Set down exactly the lines that run from the one containing "特斯拉的BMS采用主从架构,主控制器类似" to the end of the material below, both included, without pictures.

- _RECORDED DATA_
****************

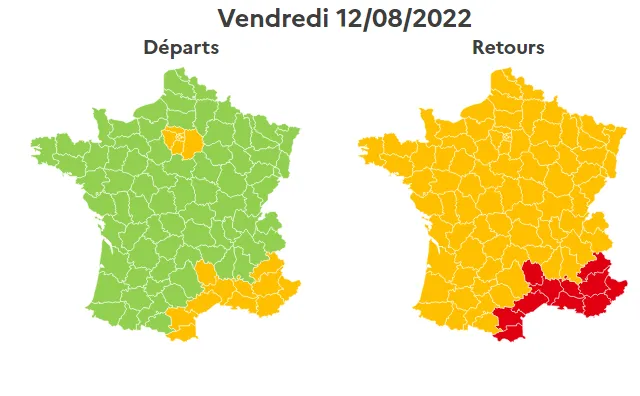 Dans le sens des départs, la journée est classée verte sauf sur le sud-est et l'Ile-de-France qui sont en orange.
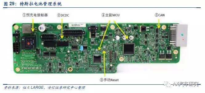 特斯拉的BMS采用主从架构,主控制器类似于“大脑“,主要负责高压、绝缘检测、高压互锁、接触器控制、对外部通信等功能,从控制器则负责单体电压、温度检测,并上报“大脑“。主控制器具备主副双微型单片机设计,设置双保险,副MCU可检测主MCU工作状态,一旦发现其失效可获取控制权限。而蔚来ES8的BMS电池管理系统相对简单,仅由BMU电池管理单元+N个CSC电芯监控控制器组成,具备SOC测量与估算、均衡策略、实时电池监控和实时预警等特性。
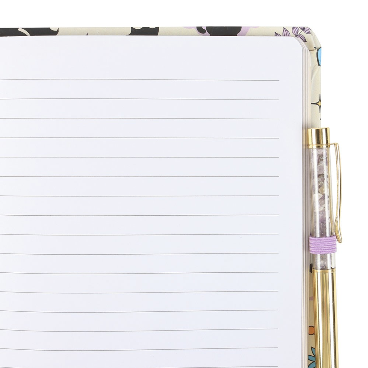 This A5 notebook is perfect for scribbling notes and ideas, featuring a playful black cat print and a matching amethyst chip pen. An ideal gift for feline-loving writers and witches alike. 100 sheets / 200 lined pages. Designed

****************

- _SOLVED PROBLEM_
 特斯拉的BMS采用主从架构,主控制器类似于“大脑“,主要负责高压、绝缘检测、高压互锁、接触器控制、对外部通信等功能,从控制器则负责单体电压、温度检测,并上报“大脑“。主控制器具备主副双微型单片机设计,设置双保险,副MCU可检测主MCU工作状态,一旦发现其失效可获取控制权限。而蔚来ES8的BMS电池管理系统相对简单,仅由BMU电池管理单元+N个CSC电芯监控控制器组成,具备SOC测量与估算、均衡策略、实时电池监控和实时预警等特性。
 This A5 notebook is perfect for scribbling notes and ideas, featuring a playful black cat print and a matching amethyst chip pen. An ideal gift for feline-loving writers and witches alike. 100 sheets / 200 lined pages. Designed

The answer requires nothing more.